┌────────
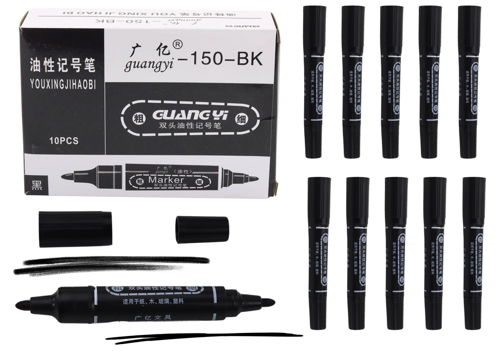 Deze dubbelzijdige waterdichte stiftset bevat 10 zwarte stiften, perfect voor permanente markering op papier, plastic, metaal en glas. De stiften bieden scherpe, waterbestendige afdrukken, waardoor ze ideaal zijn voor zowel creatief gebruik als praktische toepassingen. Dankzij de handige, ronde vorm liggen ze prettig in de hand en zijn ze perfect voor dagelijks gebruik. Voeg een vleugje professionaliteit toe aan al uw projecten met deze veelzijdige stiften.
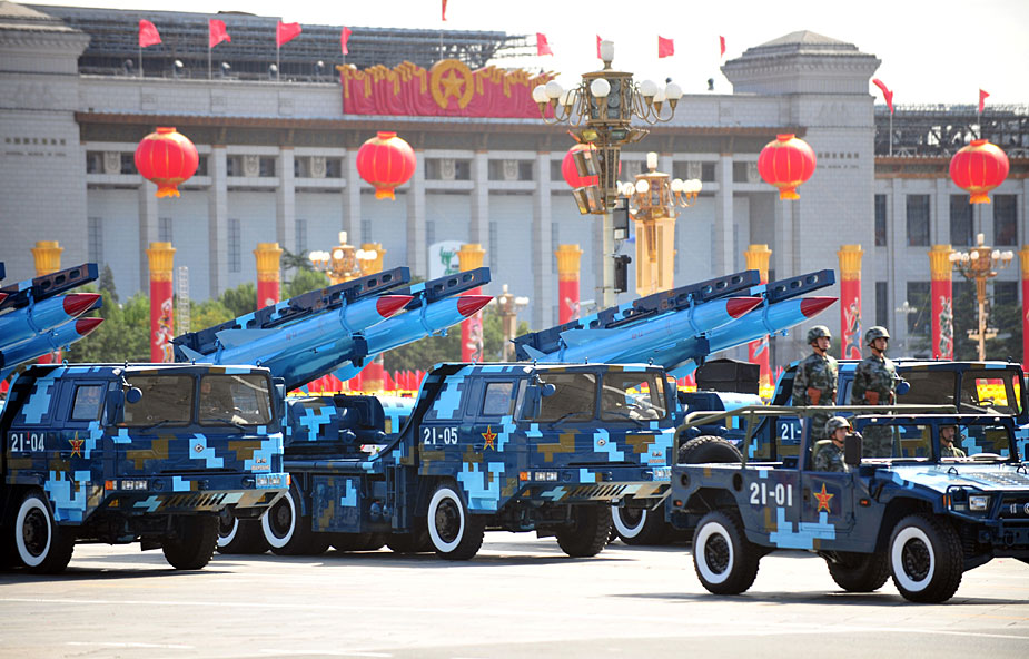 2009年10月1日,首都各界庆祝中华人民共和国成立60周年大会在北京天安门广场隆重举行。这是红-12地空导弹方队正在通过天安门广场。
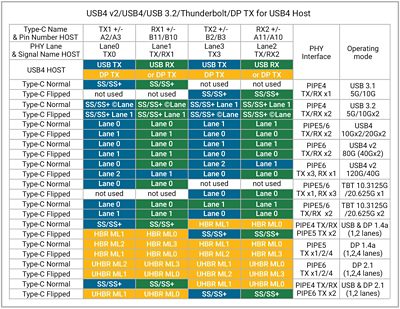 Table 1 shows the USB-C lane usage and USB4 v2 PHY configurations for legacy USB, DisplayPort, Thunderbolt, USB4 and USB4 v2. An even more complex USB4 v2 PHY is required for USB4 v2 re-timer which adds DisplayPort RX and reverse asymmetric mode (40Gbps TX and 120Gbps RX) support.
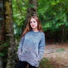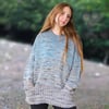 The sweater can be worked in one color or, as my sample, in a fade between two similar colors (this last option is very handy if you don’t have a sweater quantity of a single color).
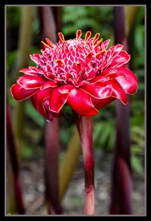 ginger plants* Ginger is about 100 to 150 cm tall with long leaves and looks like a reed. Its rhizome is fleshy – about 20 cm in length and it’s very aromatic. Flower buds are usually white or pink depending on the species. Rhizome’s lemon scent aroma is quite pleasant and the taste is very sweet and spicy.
└────────
◆ Problem
Please retype the data exactly, but do not carry over any picture.

◆ Exercise answer
 Deze dubbelzijdige waterdichte stiftset bevat 10 zwarte stiften, perfect voor permanente markering op papier, plastic, metaal en glas. De stiften bieden scherpe, waterbestendige afdrukken, waardoor ze ideaal zijn voor zowel creatief gebruik als praktische toepassingen. Dankzij de handige, ronde vorm liggen ze prettig in de hand en zijn ze perfect voor dagelijks gebruik. Voeg een vleugje professionaliteit toe aan al uw projecten met deze veelzijdige stiften.
 2009年10月1日,首都各界庆祝中华人民共和国成立60周年大会在北京天安门广场隆重举行。这是红-12地空导弹方队正在通过天安门广场。
 Table 1 shows the USB-C lane usage and USB4 v2 PHY configurations for legacy USB, DisplayPort, Thunderbolt, USB4 and USB4 v2. An even more complex USB4 v2 PHY is required for USB4 v2 re-timer which adds DisplayPort RX and reverse asymmetric mode (40Gbps TX and 120Gbps RX) support.
 The sweater can be worked in one color or, as my sample, in a fade between two similar colors (this last option is very handy if you don’t have a sweater quantity of a single color).
 ginger plants* Ginger is about 100 to 150 cm tall with long leaves and looks like a reed. Its rhizome is fleshy – about 20 cm in length and it’s very aromatic. Flower buds are usually white or pink depending on the species. Rhizome’s lemon scent aroma is quite pleasant and the taste is very sweet and spicy.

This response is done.